> WORK TO COMPLETE: Provide again, from the entries below, every line from the one containing "По итогам соревнований, команда" through the one containing "30-årig kvinna med", exactly as written, and no other line.

> GIVEN DATA:

=== Begin Enclosure ===

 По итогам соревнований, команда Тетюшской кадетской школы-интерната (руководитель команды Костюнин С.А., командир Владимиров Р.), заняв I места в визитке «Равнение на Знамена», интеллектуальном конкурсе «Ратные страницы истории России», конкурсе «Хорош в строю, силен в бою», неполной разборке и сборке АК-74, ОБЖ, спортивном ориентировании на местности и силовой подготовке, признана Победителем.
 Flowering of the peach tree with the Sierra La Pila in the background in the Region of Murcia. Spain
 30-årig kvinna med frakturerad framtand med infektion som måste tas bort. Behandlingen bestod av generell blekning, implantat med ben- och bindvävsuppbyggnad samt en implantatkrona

=== End Enclosure ===
=== Begin Enclosure ===

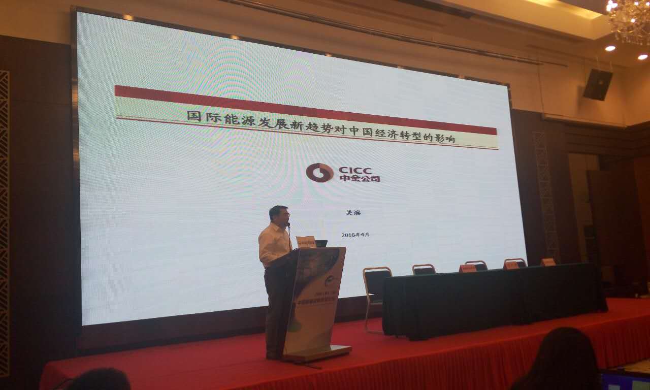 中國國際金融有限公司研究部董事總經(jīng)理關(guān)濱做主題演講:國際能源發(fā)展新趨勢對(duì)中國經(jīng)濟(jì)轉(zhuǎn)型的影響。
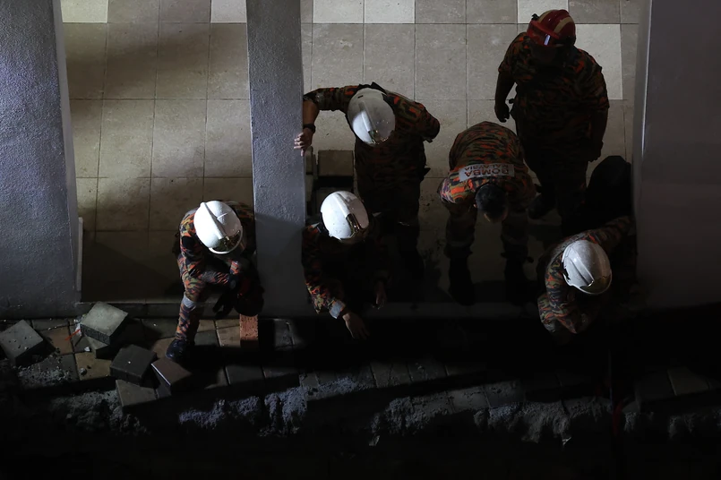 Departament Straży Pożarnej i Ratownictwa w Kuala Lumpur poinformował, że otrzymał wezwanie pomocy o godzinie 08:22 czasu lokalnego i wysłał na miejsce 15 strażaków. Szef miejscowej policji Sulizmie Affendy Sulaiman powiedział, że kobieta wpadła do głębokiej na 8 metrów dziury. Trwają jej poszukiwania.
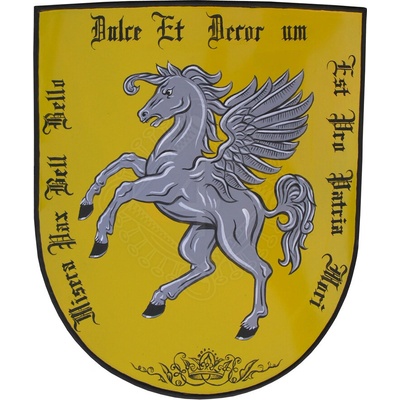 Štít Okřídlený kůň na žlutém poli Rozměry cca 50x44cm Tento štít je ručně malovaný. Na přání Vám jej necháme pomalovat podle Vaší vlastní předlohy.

=== End Enclosure ===

> ANSWER TO THIS PROBLEM:
 По итогам соревнований, команда Тетюшской кадетской школы-интерната (руководитель команды Костюнин С.А., командир Владимиров Р.), заняв I места в визитке «Равнение на Знамена», интеллектуальном конкурсе «Ратные страницы истории России», конкурсе «Хорош в строю, силен в бою», неполной разборке и сборке АК-74, ОБЖ, спортивном ориентировании на местности и силовой подготовке, признана Победителем.
 Flowering of the peach tree with the Sierra La Pila in the background in the Region of Murcia. Spain
 30-årig kvinna med frakturerad framtand med infektion som måste tas bort. Behandlingen bestod av generell blekning, implantat med ben- och bindvävsuppbyggnad samt en implantatkrona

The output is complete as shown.